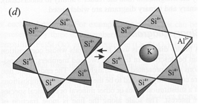 a. Кристалічна структура a–кварцу. b. Конфігурація чотирьохвалентних іонів (Ge, Tі), що заміщують Sі. c. Схема заміщення двох сусідніх позицій Sі4+ парою P5+ + Al3+. d. Входження тривалентних катіонів (Al, Fe, B) в позицію Sі4+ викликає дисбаланс заряду 1+. Баланс заряду досягається входженням одновалентних катіонів (Lі, Na, K) в канали, що проходять паралельно осі c або коли дефекти структури є достатніми для входження в них великого катіону. (Larsen et al, 2004)
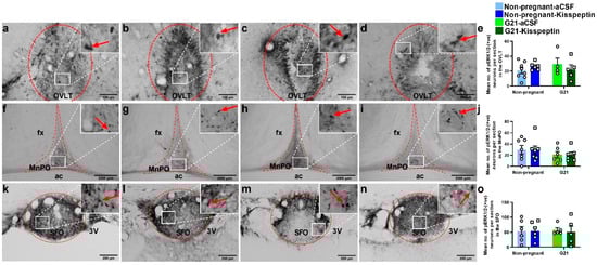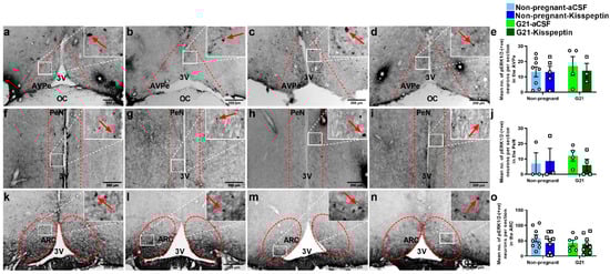 Examples of pERK1/2 labelling in the AVPe, PeN and ARC of non-pregnant and G21 rats are shown in Figure 9a–d,f–i,k–n. There was no effect of reproductive status or ICV kisspeptin on the number of pERK1/2-positive AVPe neurons in non-pregnant (aCSF-treated, n = 8, kisspeptin-treated, n = 5) and G21 rats (aCSF-treated, n = 4, kisspeptin-treated, n = 3) (RS: F(1,1) = 0.270, p = 0.609; T: F(1,1) = 0.126, p = 0.726; RS × T: F(1,2) = 0.090, p = 0.767, two-way ANOVA; Figure 9e), PeN neurons in non-pregnant (aCSF-treated, n = 3, kisspeptin-treated, n = 3) and G21 rats (aCSF-treated, n = 4, kisspeptin-treated, n = 4) (RS: F(1,1) = 0.046, p = 0.834; T: F(1,1) = 0.159, p = 0.698; RS × T: F(1,2) = 0.498, p = 0.496; Figure 9j) or ARC neurons in non-pregnant (aCSF-treated, n = 9, kisspeptin-treated, n = 9) and G21 rats (aCSF-treated, n = 6, kisspeptin-treated, n = 8) (RS: F(1,1) = 0.764, p = 0.389; T: F(1,1) = 0.719, p = 0.403; RS × T: F(1,2) = 0.358, p = 0.554; Figure 9o). Also, there was no correlation between pERK1/2 expression in oxytocin-positive SON neurons and pERK1/2-positive AVPe neurons (r = 0.069, p = 0.882), PeN neurons (r = −0.143, p = 0.735) or ARC neurons (r = −0.074, p = 0.809) in G21 rats.
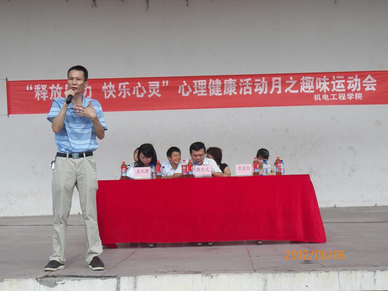 为了焕发同学们的运动激情,塑造一颗健康的心灵,构建一个和谐的校园。必赢626net入口首页在这个阳光灿烂的五月迎来了心理嘉年华趣味运动会暨心理健康活动月开幕式。出席本次心理嘉年华趣味运动会的嘉宾有:学生处韩力光副处长,学生处心理健康教育指导中心吴九君博士,院党委黄国标副书记,学工办主任陈秀妍老师,何映敏、崔建兵、姚广龙老师以及必赢626net入口首页2010级和2011级全体学生。

+-------+

What to work on
Output the material above verbatim but exclude each picture.

Answer box
 a. Кристалічна структура a–кварцу. b. Конфігурація чотирьохвалентних іонів (Ge, Tі), що заміщують Sі. c. Схема заміщення двох сусідніх позицій Sі4+ парою P5+ + Al3+. d. Входження тривалентних катіонів (Al, Fe, B) в позицію Sі4+ викликає дисбаланс заряду 1+. Баланс заряду досягається входженням одновалентних катіонів (Lі, Na, K) в канали, що проходять паралельно осі c або коли дефекти структури є достатніми для входження в них великого катіону. (Larsen et al, 2004)
 Examples of pERK1/2 labelling in the AVPe, PeN and ARC of non-pregnant and G21 rats are shown in Figure 9a–d,f–i,k–n. There was no effect of reproductive status or ICV kisspeptin on the number of pERK1/2-positive AVPe neurons in non-pregnant (aCSF-treated, n = 8, kisspeptin-treated, n = 5) and G21 rats (aCSF-treated, n = 4, kisspeptin-treated, n = 3) (RS: F(1,1) = 0.270, p = 0.609; T: F(1,1) = 0.126, p = 0.726; RS × T: F(1,2) = 0.090, p = 0.767, two-way ANOVA; Figure 9e), PeN neurons in non-pregnant (aCSF-treated, n = 3, kisspeptin-treated, n = 3) and G21 rats (aCSF-treated, n = 4, kisspeptin-treated, n = 4) (RS: F(1,1) = 0.046, p = 0.834; T: F(1,1) = 0.159, p = 0.698; RS × T: F(1,2) = 0.498, p = 0.496; Figure 9j) or ARC neurons in non-pregnant (aCSF-treated, n = 9, kisspeptin-treated, n = 9) and G21 rats (aCSF-treated, n = 6, kisspeptin-treated, n = 8) (RS: F(1,1) = 0.764, p = 0.389; T: F(1,1) = 0.719, p = 0.403; RS × T: F(1,2) = 0.358, p = 0.554; Figure 9o). Also, there was no correlation between pERK1/2 expression in oxytocin-positive SON neurons and pERK1/2-positive AVPe neurons (r = 0.069, p = 0.882), PeN neurons (r = −0.143, p = 0.735) or ARC neurons (r = −0.074, p = 0.809) in G21 rats.
 为了焕发同学们的运动激情,塑造一颗健康的心灵,构建一个和谐的校园。必赢626net入口首页在这个阳光灿烂的五月迎来了心理嘉年华趣味运动会暨心理健康活动月开幕式。出席本次心理嘉年华趣味运动会的嘉宾有:学生处韩力光副处长,学生处心理健康教育指导中心吴九君博士,院党委黄国标副书记,学工办主任陈秀妍老师,何映敏、崔建兵、姚广龙老师以及必赢626net入口首页2010级和2011级全体学生。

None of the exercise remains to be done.